The Visualization Toolkit (VTK) is an open-source software system which can be used for free for, among others: image processing, volume rendering, 3D computer graphics and visualization [16]. VTK contains a C++ class library integrated with various algorithms and modelling techniques supporting medical visualisation. The reconstruction output of the CC can be easily displayed using the VTK.

ITK–SNAP is an interactive open source software package established on ITK and designed for segmenting medical images, particularly segmenting 3D anatomical regions of interests. ITK–SNAP enables segmenting with the use of a user-friendly interface. The open source code can be utilised freely, so the group of its users is growing [18]. As shown in Figure 5, the orthogonal axial, sagittal and coronal planes are displayed on the user interface.
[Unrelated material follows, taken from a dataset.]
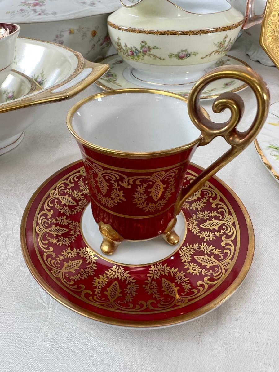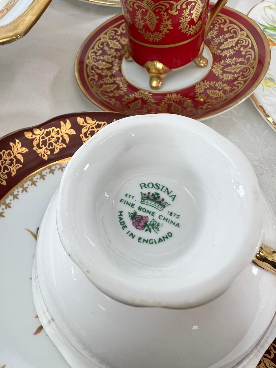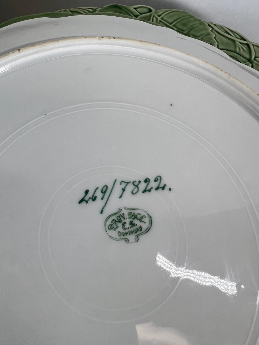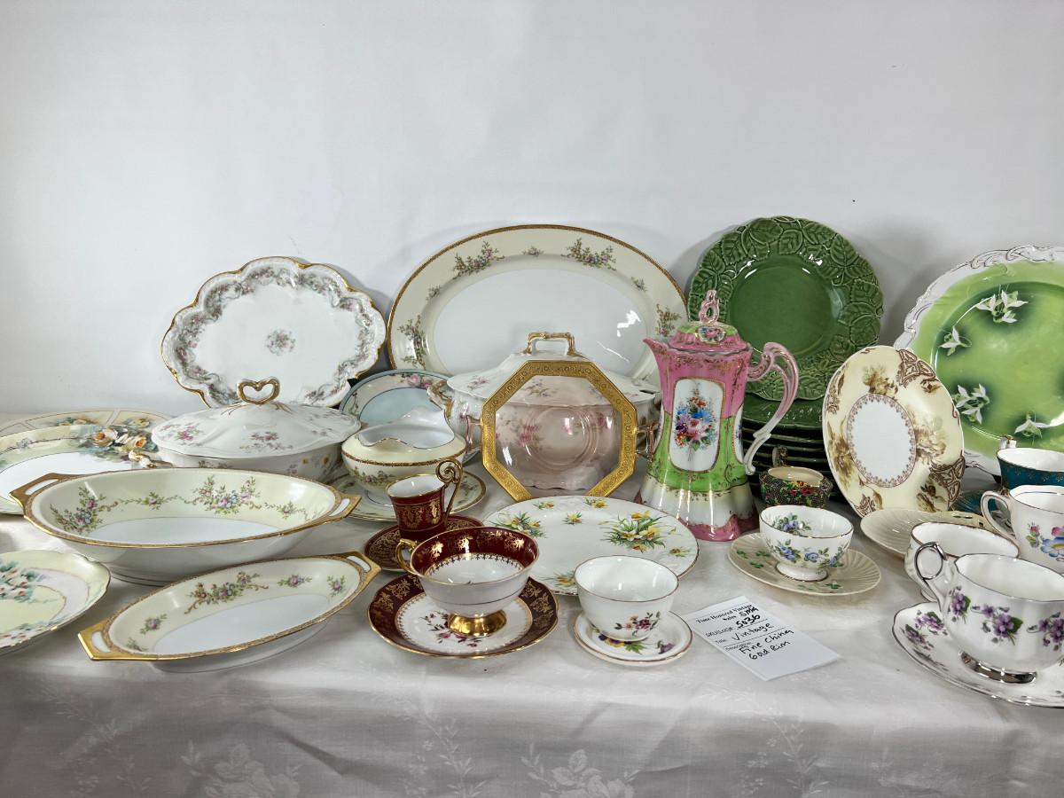 Tea Cups, Chocolate pitcher, Set of Green plates, casserole bowl, gravy boat.

It also allows the CC to be zoomed, paned and rotated using the visualisation tool, making it easier to evaluate the CC.

Figure 5. Using the ITK–SNAP platform to visualise the CC. (a–c) displaying axial, sagittal and coronal planes; (d) 3D visualization of segmented CC.

3.5. Accuracy Measurements of Corpus Callosum (CC) Segmentations

The accuracy of segmenting the corpus callosum was measured using brain MRIs in sagittal planes taken from the MIRIAD database. The measurements were taken using the segmentations obtained from three ACMs—EM, DRLSE, SBGFRLS—and areas of the corpus callosum manually traced by an experienced physician specialising in human anatomy ($E_1$) with more than 20 years of professional practice.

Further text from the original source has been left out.